:: TASK DATA ::
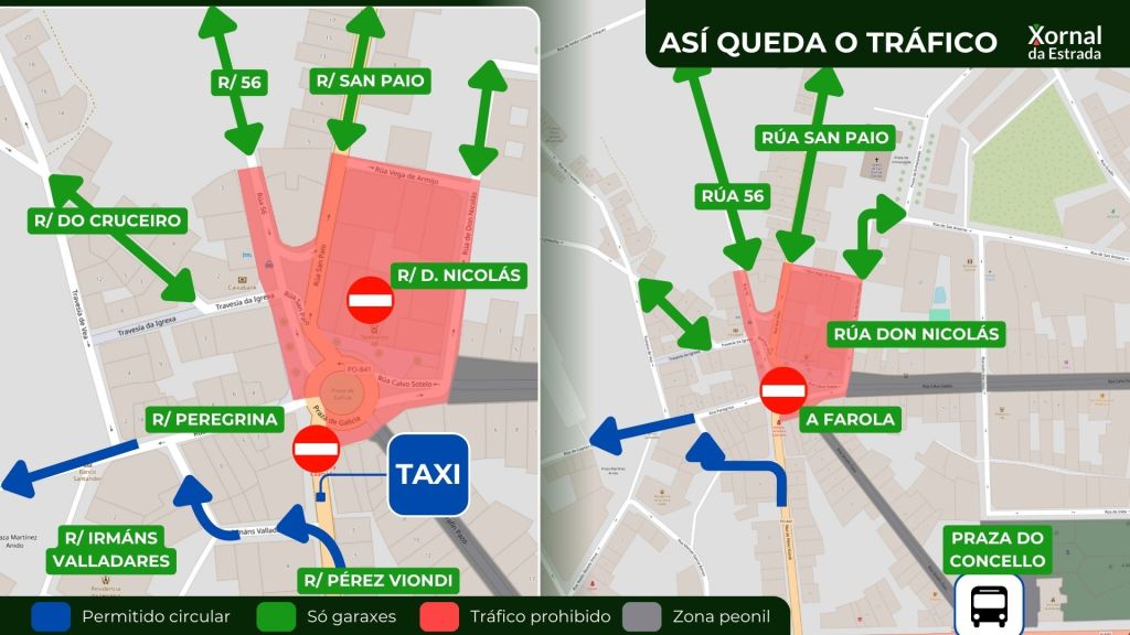 No tocante ao transporte de viaxeiros, a parada de bus manterase a carón do Concello, a onde se trasladou co peche das rúas 56 e San Paio. Os taxis trasladaranse á cabeceira da Rúa Pérez Viondi.
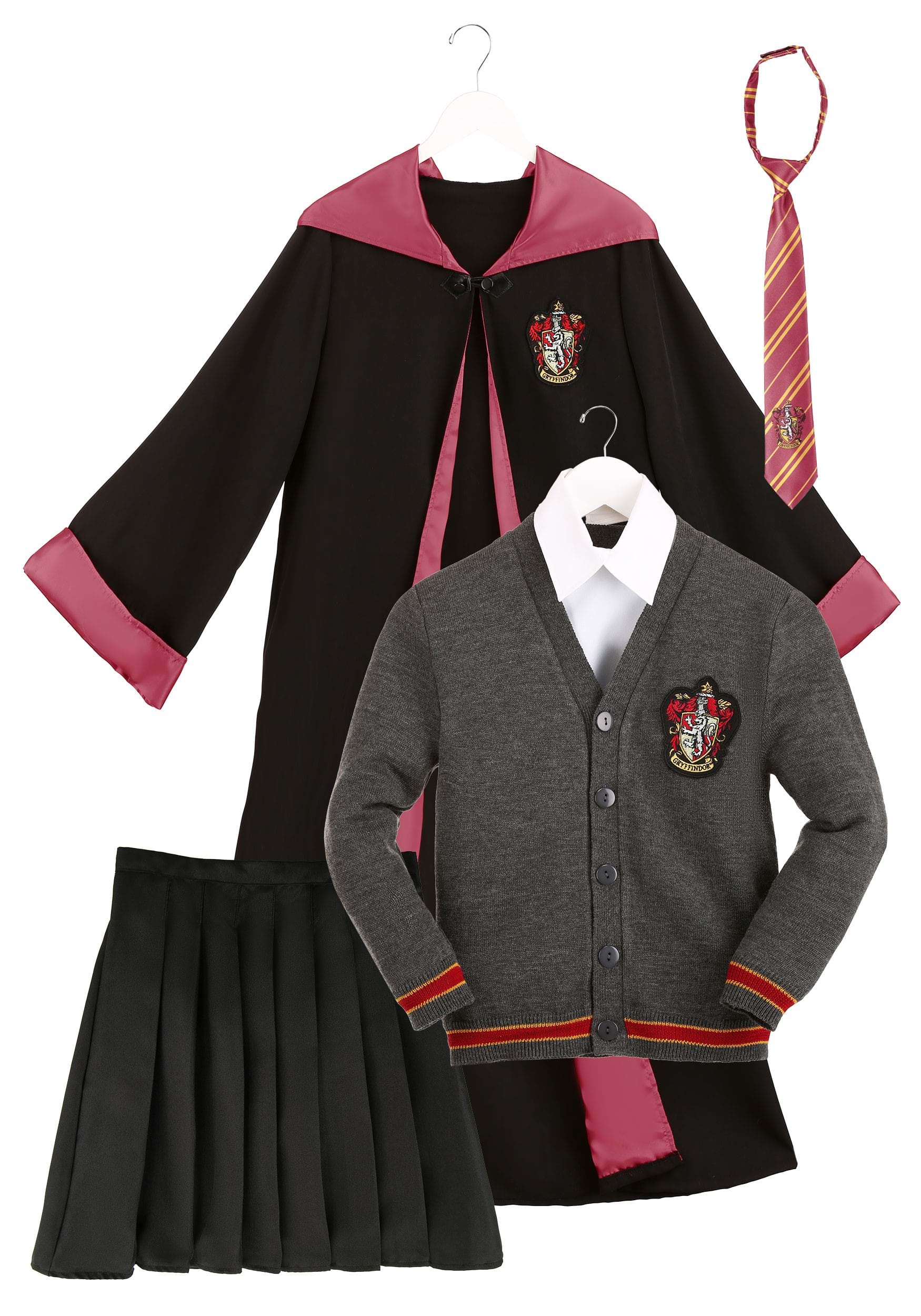 This Kid's Deluxe Harry Potter Hermione Costume is an officially licensed outfit from the Harry Potter movies. It's designed to recreate the Hogwarts outfit that Hermione wears and comes with a robe, a sweater, a shirt front, a skirt, and a tie. The full-length robe is black with a satin, burgundy interior. The front of the robe closes with a button and loop clasp on top with an attached, oversized hood in the back. It even features a Gryffindor crest right on the chest.
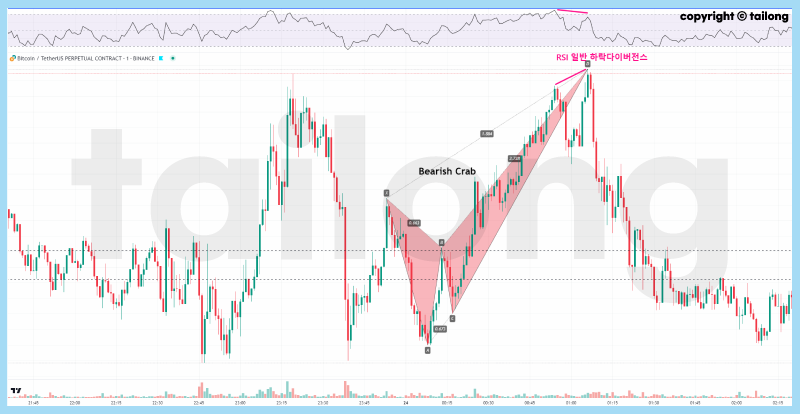 위 차트는 Bearish Crab Pattern With RSI 일반 하락다이버전스 두 번째 실 예시입니다.
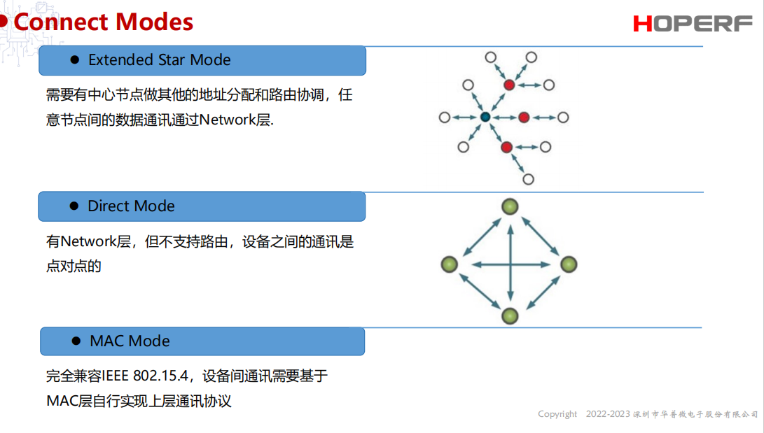 值得一提的是,除上述Extended Star Mode外,RFM23A020还支持Direct Mode和MAC Mode两种组网方案,不仅适合应用在多节点、需集中管控的组网场合中(由中心节点统一调度设备间的通信路径),还适合应用在简单的直连场景(无需路由,少量节点直接通信)及其低功耗的自组织网络中(利用802.15.4的MAC层实现简单交互),极具灵活性。
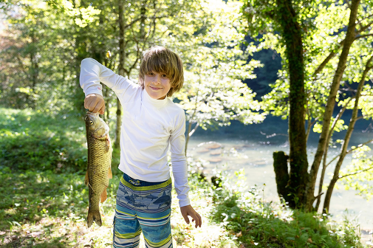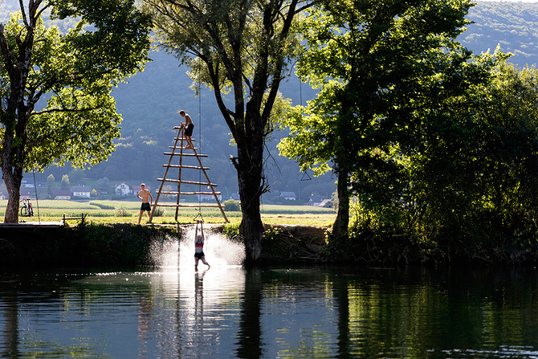We had been planning a rafting trip on the Kolpa river for some time and a few days ago we finally managed to do it. In fact, it all started on the river Krka, where, on the recommendation of new neighbours, we stopped on a local swimming spot for a short break on the way to Kolpa. Because it turned out that the location is super great, we stayed there till late evening and because of that we spent that night in Črmošnjice, on campervan stop. 🙂 The next morning it was action again, this time rafting. I know the upper, Kostel part of the Kolpa River quite well, as my genes come from there, and I also spent quite a few days there in my youth. Since it was a mans day, we also combined rafting with fishing and, considering the catch, we were quite successful. 🙂 The path from Kobilna jama, where we started the tour, to KolpaRaft Skender, where we camped after that, was easy, but in some calm parts of the river it was too boring already. But fortunately the water was quite warm and we somehow endured that as well. 😉
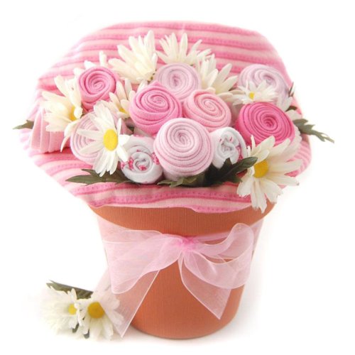 Design mimics a flowerpot Onesies are sized for 3 to 6 months Infant girl clothing gift basket Bibs, onesies, blankets, and more
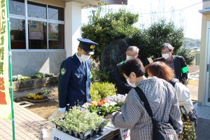 中海支店には1日よりATMが設置されて以来、はじめての年金受給日となり、 ATM利用者に対して花やマスクとともに啓発チラシなどを手渡しました。
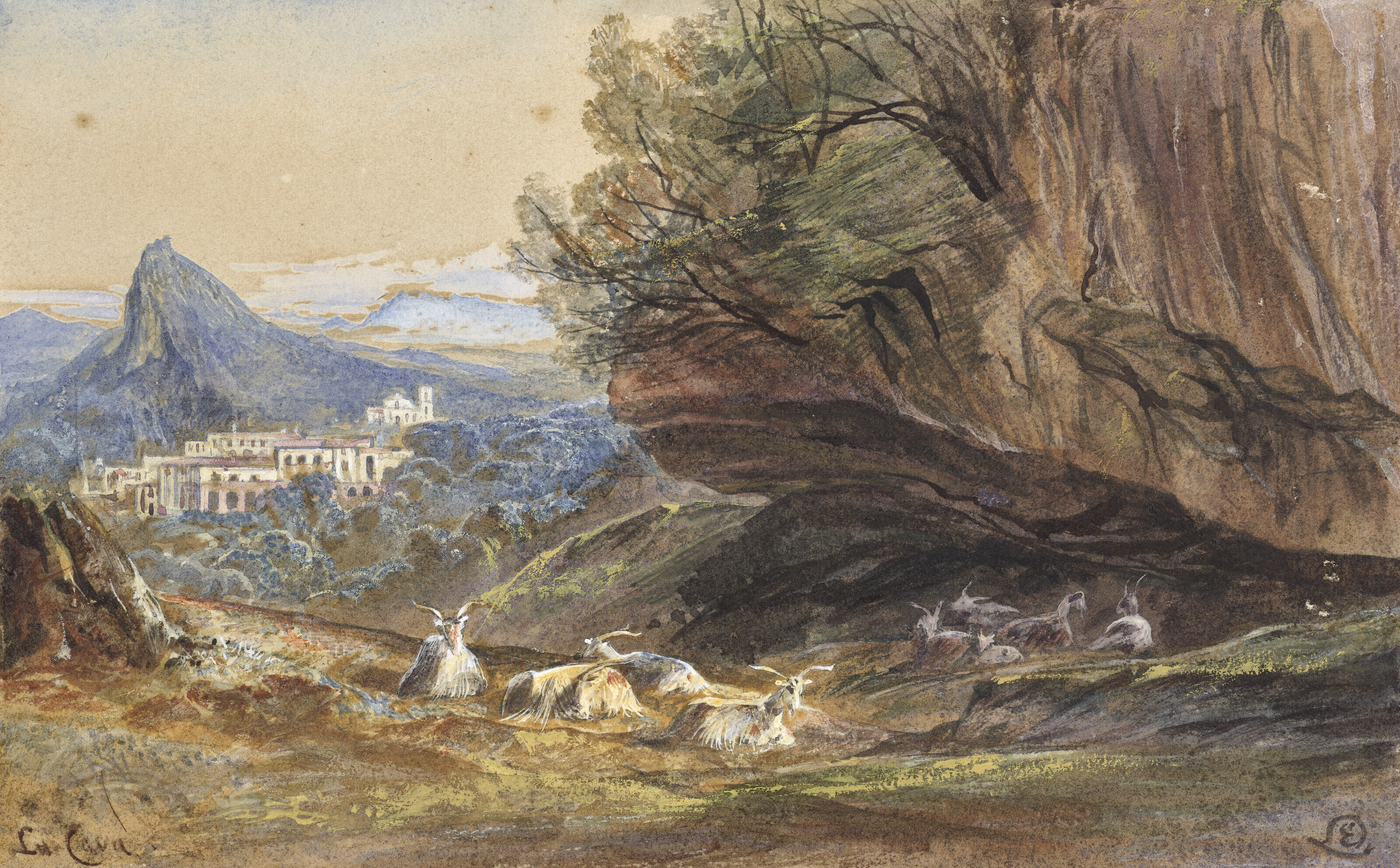 The highly finished nature and tight monogram of this watercolour identify it as a studio work, rather than an on-the-spot drawing. A pencil drawing of La Cava, dated 20 July 1838, is at the Yale Center for British Art.

:: YOUR GOAL ::
Retype all of the entries exactly as written, leaving out any images.

:: PROBLEM SOLUTION ::
 No tocante ao transporte de viaxeiros, a parada de bus manterase a carón do Concello, a onde se trasladou co peche das rúas 56 e San Paio. Os taxis trasladaranse á cabeceira da Rúa Pérez Viondi.
 This Kid's Deluxe Harry Potter Hermione Costume is an officially licensed outfit from the Harry Potter movies. It's designed to recreate the Hogwarts outfit that Hermione wears and comes with a robe, a sweater, a shirt front, a skirt, and a tie. The full-length robe is black with a satin, burgundy interior. The front of the robe closes with a button and loop clasp on top with an attached, oversized hood in the back. It even features a Gryffindor crest right on the chest.
 위 차트는 Bearish Crab Pattern With RSI 일반 하락다이버전스 두 번째 실 예시입니다.
 值得一提的是,除上述Extended Star Mode外,RFM23A020还支持Direct Mode和MAC Mode两种组网方案,不仅适合应用在多节点、需集中管控的组网场合中(由中心节点统一调度设备间的通信路径),还适合应用在简单的直连场景(无需路由,少量节点直接通信)及其低功耗的自组织网络中(利用802.15.4的MAC层实现简单交互),极具灵活性。
We had been planning a rafting trip on the Kolpa river for some time and a few days ago we finally managed to do it. In fact, it all started on the river Krka, where, on the recommendation of new neighbours, we stopped on a local swimming spot for a short break on the way to Kolpa. Because it turned out that the location is super great, we stayed there till late evening and because of that we spent that night in Črmošnjice, on campervan stop. 🙂 The next morning it was action again, this time rafting. I know the upper, Kostel part of the Kolpa River quite well, as my genes come from there, and I also spent quite a few days there in my youth. Since it was a mans day, we also combined rafting with fishing and, considering the catch, we were quite successful. 🙂 The path from Kobilna jama, where we started the tour, to KolpaRaft Skender, where we camped after that, was easy, but in some calm parts of the river it was too boring already. But fortunately the water was quite warm and we somehow endured that as well. 😉
 Design mimics a flowerpot Onesies are sized for 3 to 6 months Infant girl clothing gift basket Bibs, onesies, blankets, and more
 中海支店には1日よりATMが設置されて以来、はじめての年金受給日となり、 ATM利用者に対して花やマスクとともに啓発チラシなどを手渡しました。
 The highly finished nature and tight monogram of this watercolour identify it as a studio work, rather than an on-the-spot drawing. A pencil drawing of La Cava, dated 20 July 1838, is at the Yale Center for British Art.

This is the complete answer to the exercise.